Marine Le Pen, long considered a fringe politician of the far-right, another of the anti-European Union populists, took second in the first round of voting among the 11 candidates on the ballot. She now moves into a head-to-head runoff election against the favorite in the race, Emanuel Macron, a political centrist who wants to maintain the EU relationship and takes a much softer view on immigration policy.
Le Pen, however, has continued to gain momentum—particularly after last week's terror attack in Paris. She told supporters at a rally Sunday night:
"The choice now is between wild globalization, a world in which terrorists can travel freely, and a France with strong borders. It is time to free the French people from the arrogant elite. I am the candidate of the people. I call all patriots wherever they come from, whatever their origin, to join me. What's at stake is France's survival."
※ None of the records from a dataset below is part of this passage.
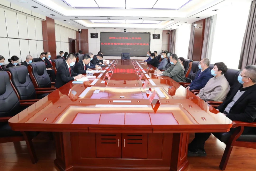4月19日,双鸭山中院召开队伍教育整顿查纠整改环节座谈会,邀请人大代表、政协委员、企业家、当事人、律师代表等参加会议,省政法队伍教育整顿第七指导组法院工作指导小组组长郭宁、成员田力旺到会指导,党组副书记、常务副院长李青春参加会议并讲话。
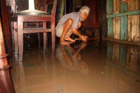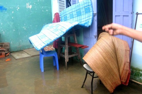 Sau cơn mưa rạng sáng ngày 3/10 căn nhà anh Bé bị ngập tới gần nửa mét nước, nhiều đồ vật trong nhà như giường, tủ, bàn ghế dù đã kê cao hơn nhưng vẫn không thoát nạn. Cho tới trưa nay, anh cùng hai cụ già vẫn đang hì hục múc từng xô nước đổ ra ngoài bờ bao.
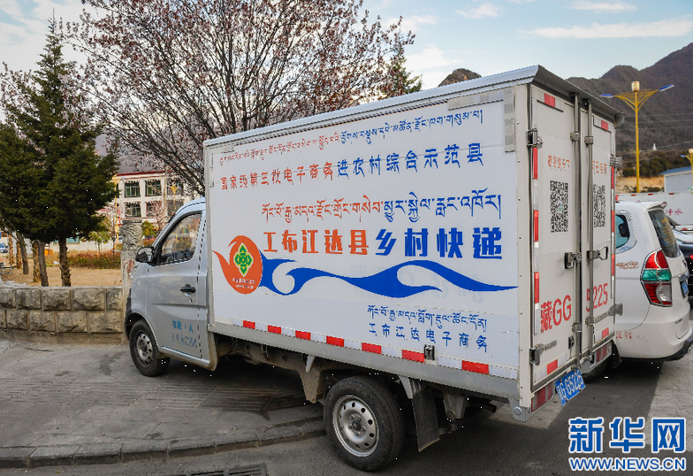 这是在工布江达县拍摄的乡村快递车(2018年4月19日摄)。新华社记者 刘东君 摄
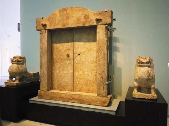 據(jù)吳強(qiáng)華介紹,“胡客翟門生”系列文物包括石門楣、石門檻、石門、石闕、石床、石枕、石屏風(fēng)等17件套(組),其上不僅刻畫(huà)了中西文化碰撞、交融背景下的人物、器物圖像;更為難得的是,其石屏風(fēng)正反兩面分別刻有儒家孝文化經(jīng)典中的郭巨、董永、董黯孝子傳圖,并有注明是“阮籍”、“(向秀)”榜題的“竹林七賢與榮啟期”八位高仕形象,體現(xiàn)了胡人在華夏文明的浸潤(rùn)中,價(jià)值觀與思想觀的轉(zhuǎn)向與認(rèn)同。

In a move that is probably reminiscent to last year's American presidential campaign, Le Pen and her National Front party are frequently likened to the Nazis of 1920s and '30s Germany. In fact, the candidates of all the major parties—even the conservative Republicans—have urged their supporters to back Macron.
Some in the media have attempted to paint the election as a surrogate battle between President Donald Trump, who is also a populist, and President Barack Obama, who publicly called to lend his support to Macron.
But the fact that a political party that has only ever qualified for the second round of the French presidential election is now polling with the support of nearly 40 percent of voters, and the alternative candidate is a centrist who is running his own independent campaign and was largely a political unknown until three years ago means the establishment has been rocked again. The people of Europe are demanding change, particularly when it comes to their own national security.
France is a linchpin, in many ways, for Europe. Islamists have, for decades, used its quirky immigration rules whereby a citizen from any former French colony or territory may immediately apply for French citizenship as a means to quickly infiltrate European culture. It also remains one of the most influential members of European Union—and will gain even more stature once Brexit is complete.
The runoff election between Le Pen and Macron will be held May 7.